Jordan Weissman is scared about Winston & Crandall’s plan to deregulate all the lawyers.  He admits that the idea has some appeal, but concludes that “a lot of it is also completely bunk.” He says the proposal is basically irrelevant for big law, where clients are looking for top talent (although he’s on board with non-lawyer financing of big firms).  But for small-time lawyers, “without licensing you’ll welcome incompetent lawyers into the market.”  He doesn’t have W & C’s confidence in third party intermediaries’ ability to do the screening or that “most consumers will be savvy enough to do their research and protect themselves.”

Weissman has a point: the idea of simply deregulating the whole industry is too simplistic.  But he needs to check out our symposium before assuming that the alternative is just a few relatively modest tweaks.

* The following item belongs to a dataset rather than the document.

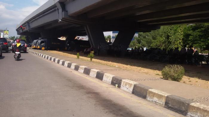 TRIBUN-TIMUR.COM, MAKASSAR - Puluhan aparat kepolisian nampak berjaga di bawah jembatan Fly Over Jl Urip Sumohadjo Makassar.
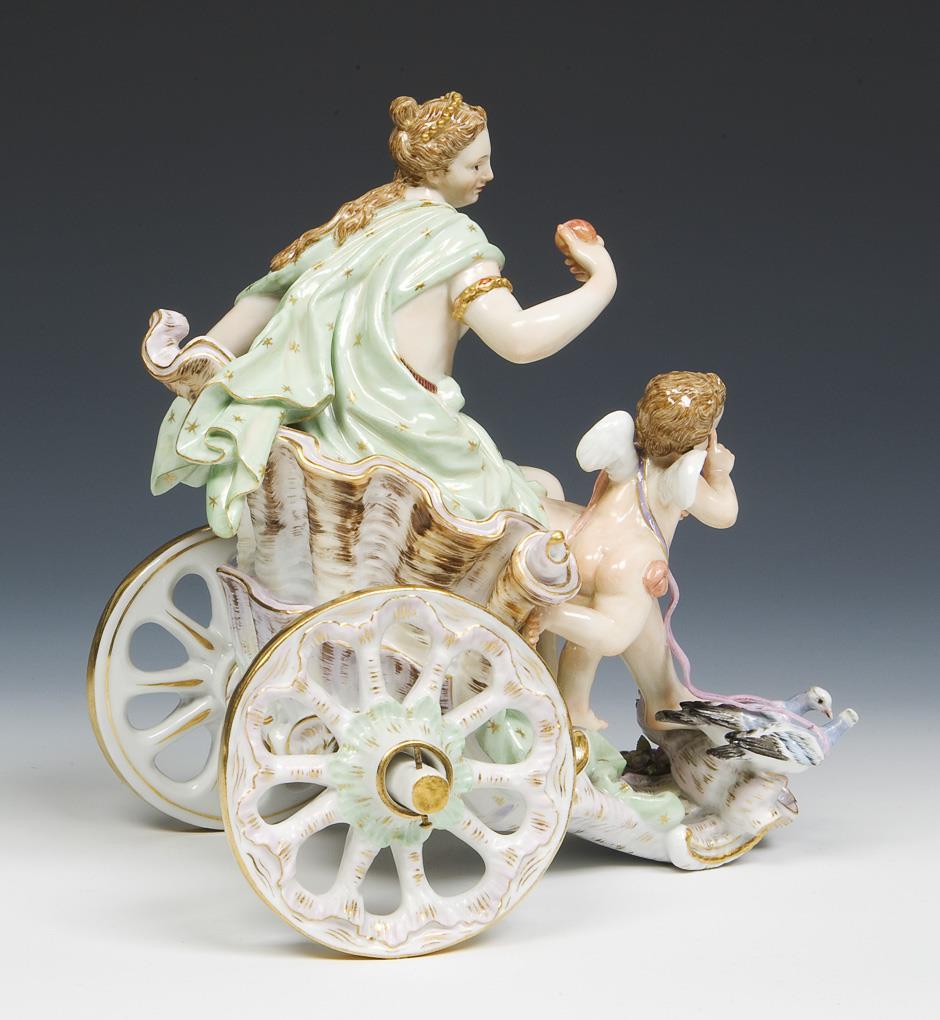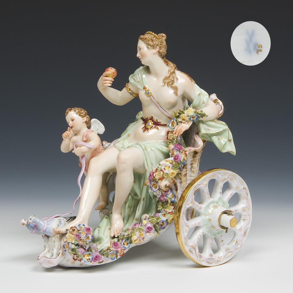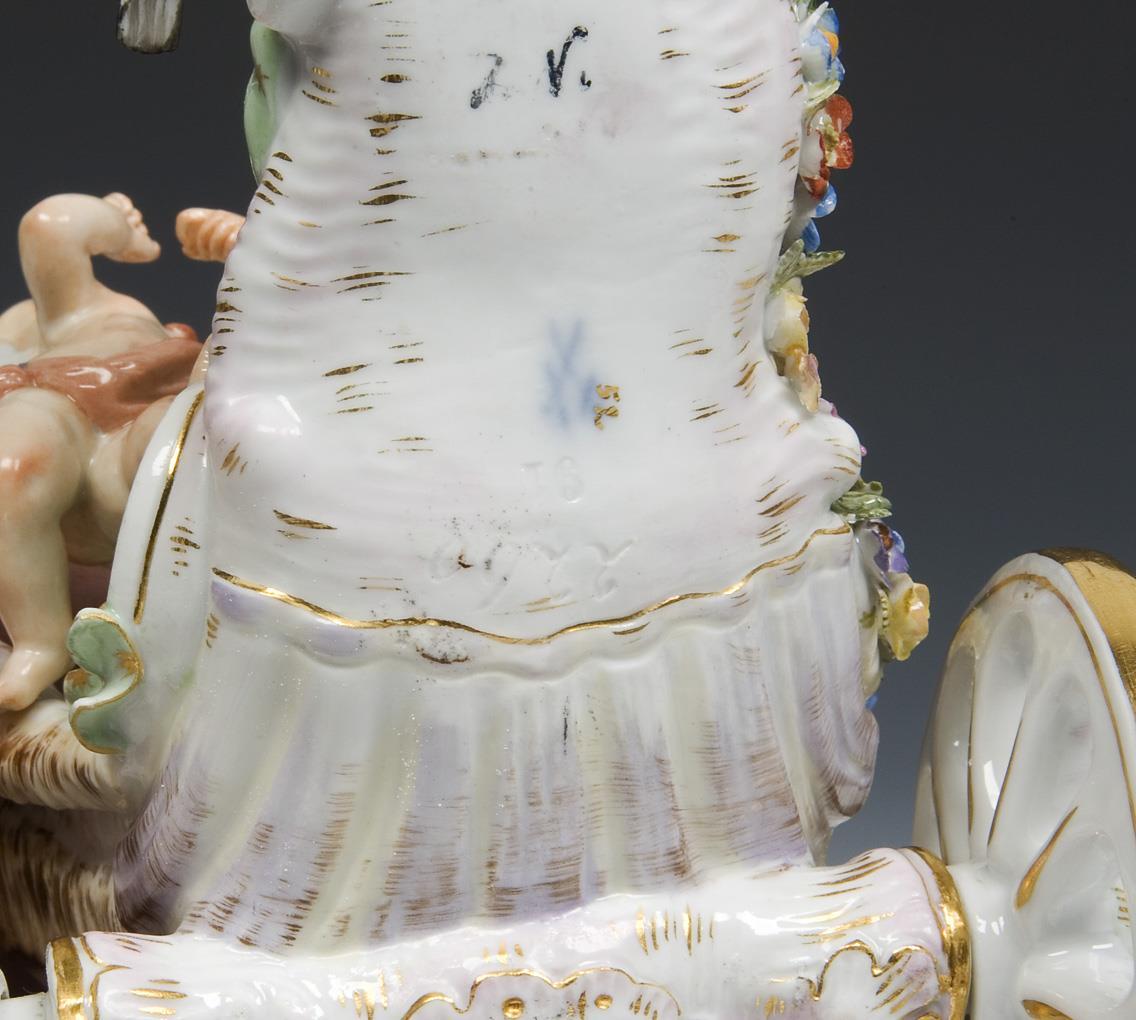 Model by Johann Joachim Kaendler 1755. Colorfully painted, gold painted. Incised mark, press mark, painter's mark, sword mark. One bolt glued.

The possible futures aren’t limited to the “legal profession” as we know it today, but extend to the creation of a legal information industry.  Deregulation isn’t all about lawyer licensing. Most importantly, it will involve dismantling the regulatory infrastructure that requires legal information to be parsed out by lawyers one client at a time. Kobayashi and I discuss some of the possibilities.

The likely consequences of meaningful deregulation will not be more incompetent lawyers.  Rather, lawyers will have to prove their value against an array of technologies and information services that make legal advice cheaper and more accessible to ordinary consumers.  Whether or not they continue to be licensed, lawyers will have to get better in order not to be replaced by machines.  Licensing may remain, but its domain will shrink.  The changes throughout the existing profession are likely to be vast.

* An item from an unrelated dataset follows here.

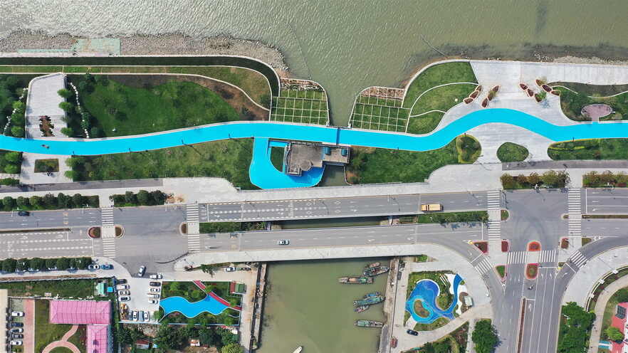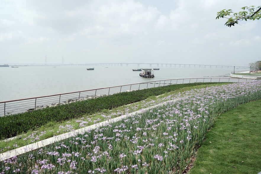 根据设计方案,工程结合堤岸布置滨海景观带,由外至内形成了河外滩地、主题花园、6米宽的主园路系统,包含跑步道和自行车道,再到车行公路带。
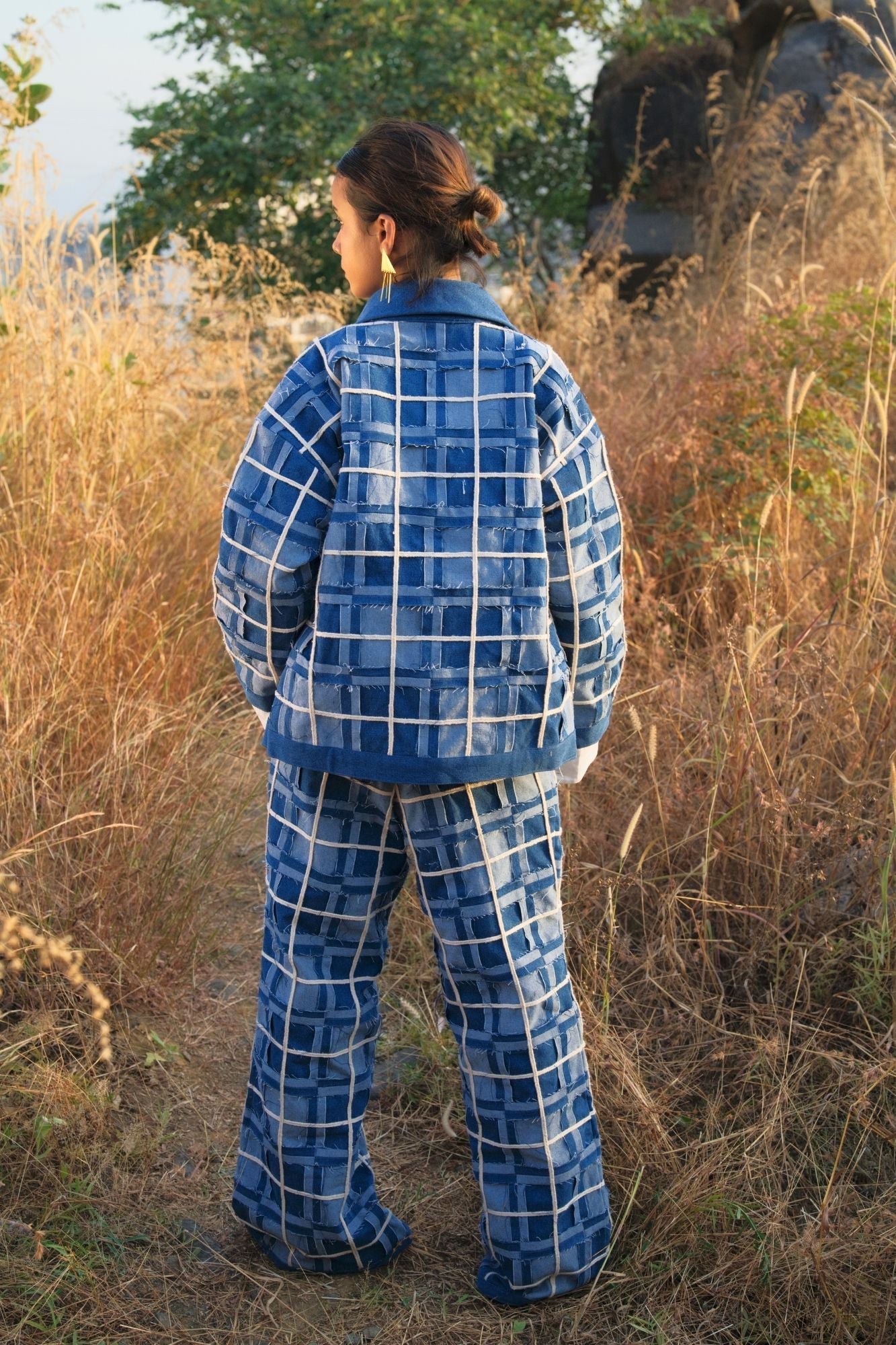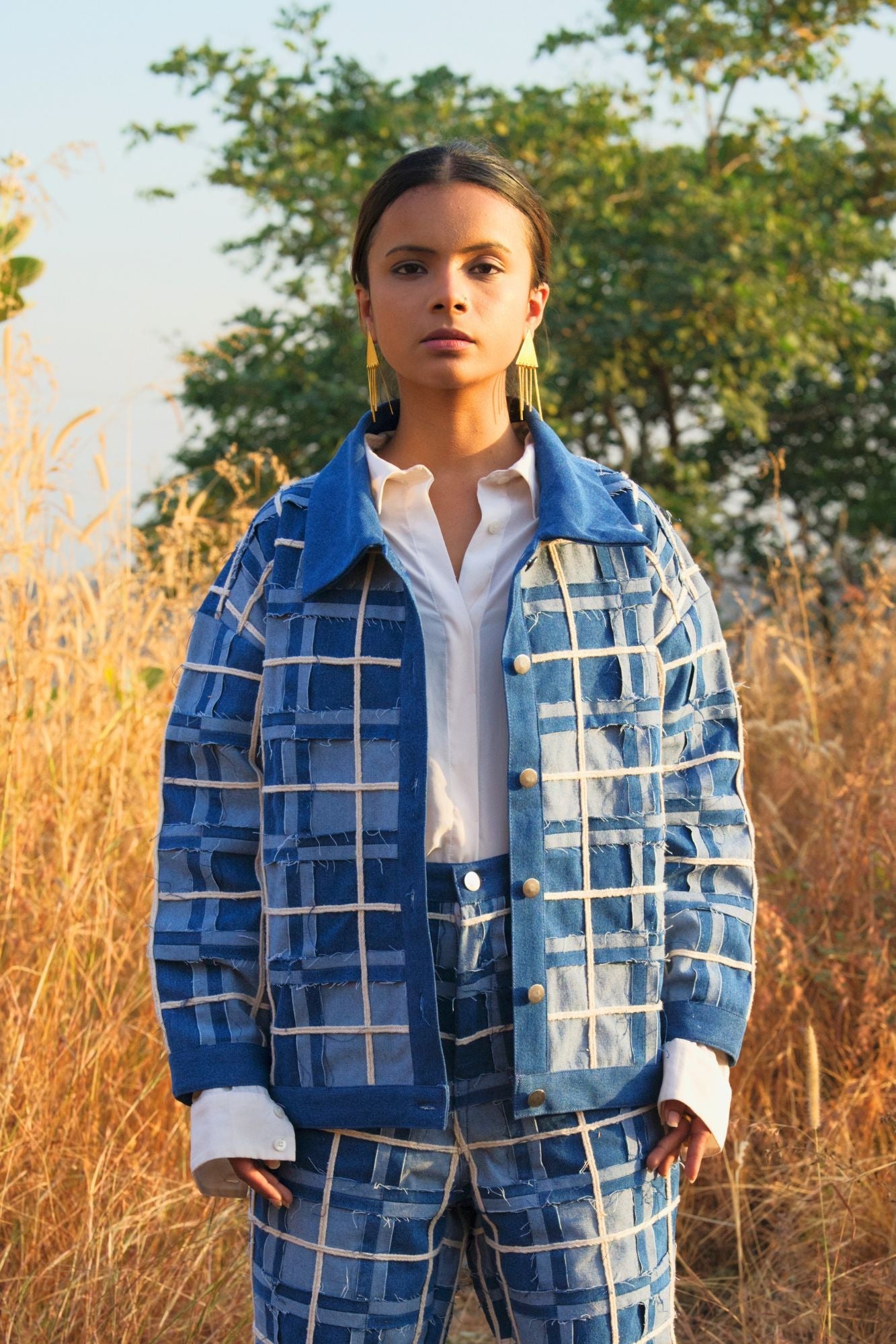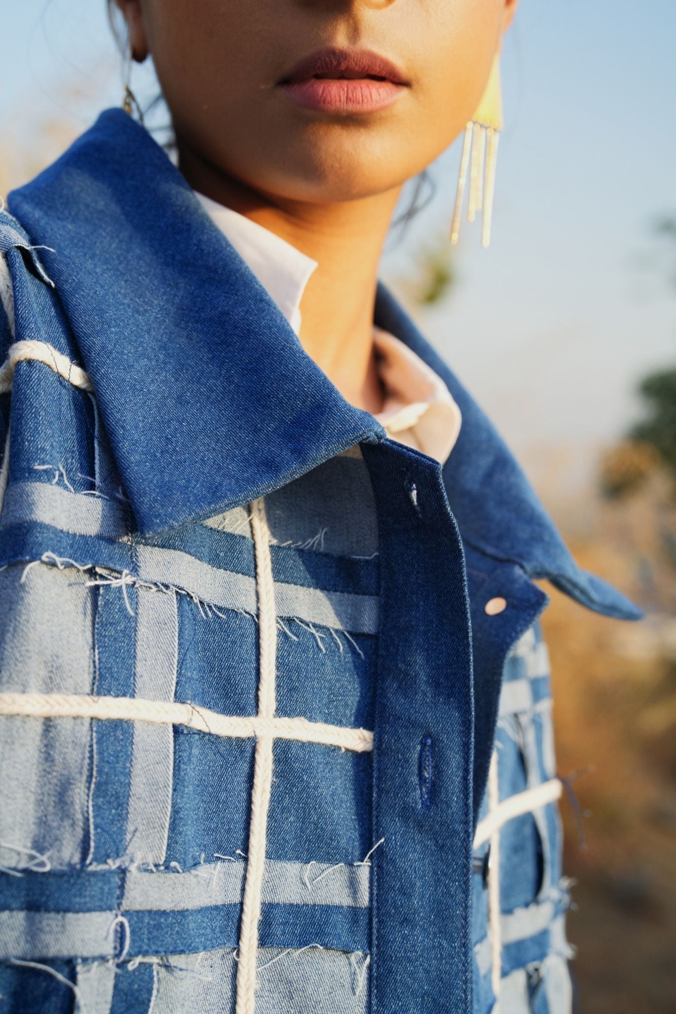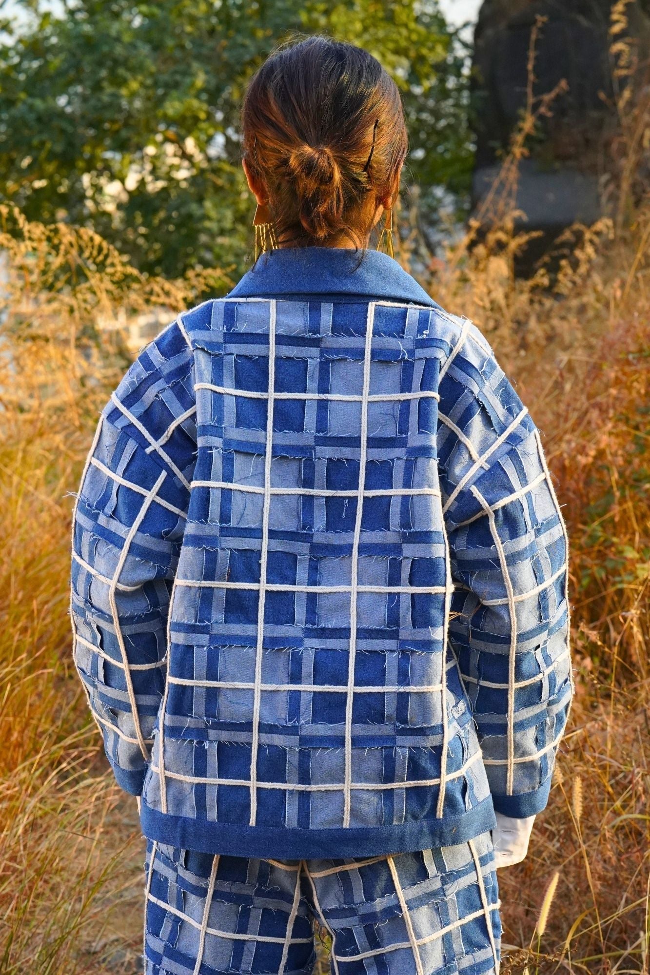 Description – Introducing GRID JACKET - expertly crafted with a unique patchwork of denim and checkered braids for a cool and stylish look. Handcrafted for added quality, these jackets are sure to make a statement. Elevate your wardrobe with GRID JACKET today!

Clifford Winston argues for this in the NYT.  For much more, see our symposium with Winston and many others.

The WSJ discusses the declining value of first-year associates as clients are refusing to pay for training. Clients question whether new associates have “a sophisticated knowledge of the business world, and many nuts and bolts, such as how to prepare a witness for a deposition or the precise terms that, say, need to be included in a particular kind of loan agreement.”

Law firms can’t put the associates to work anymore because a lot of the work they used to be able to bill to clients, particularly research and discovery, is now outsourced or automated.  And what isn’t goes to contract lawyers who get $60-$70/hour rather than $200-$300.

So what’s the solution?

I suppose that the clients and the firms think it’s the law schools’ responsibility.  But law schools don’t have a comparative advantage doing this kind of training without significant retooling.  I have suggested some things law schools should be doing that are within their comparative advantage, including more finance and business-oriented training, but they don’t include apprenticeship programs.

Even if the law schools should do this from some perspective, who or what is going to give them the incentive to do it, and do it well?  Where, for example, will the money come from?  Higher tuition?

One would think the clients would pay to train the lawyers who will be working for them after they get trained, as the WSJ article notes.  But training lawyers is not what non-law firms do, so buying them already trained seems like a sensible “make or buy” decision.

The law firms once could benefit from training associates who would be their partners, but this long-range view doesn’t work in the Death of Big Law era.

In Germany, from which I just returned, university law grads go through a two-year training/apprenticeship at government expense prior to taking their final bar exams.  Somehow I don’t think the idea of the government paying to train lawyers would work in the current US political environment.

So what’s the solution?  I think we are ultimately going to come down to apprenticeship programs at law firms, where the pay matches the experience level.  This solution, though quite logical, will not sit well with the current model.  No more $160,000 salaries right out of law school.  And of course, student debt and law school tuition will have to ramp down to reflect law students’ reduced prospects on graduation.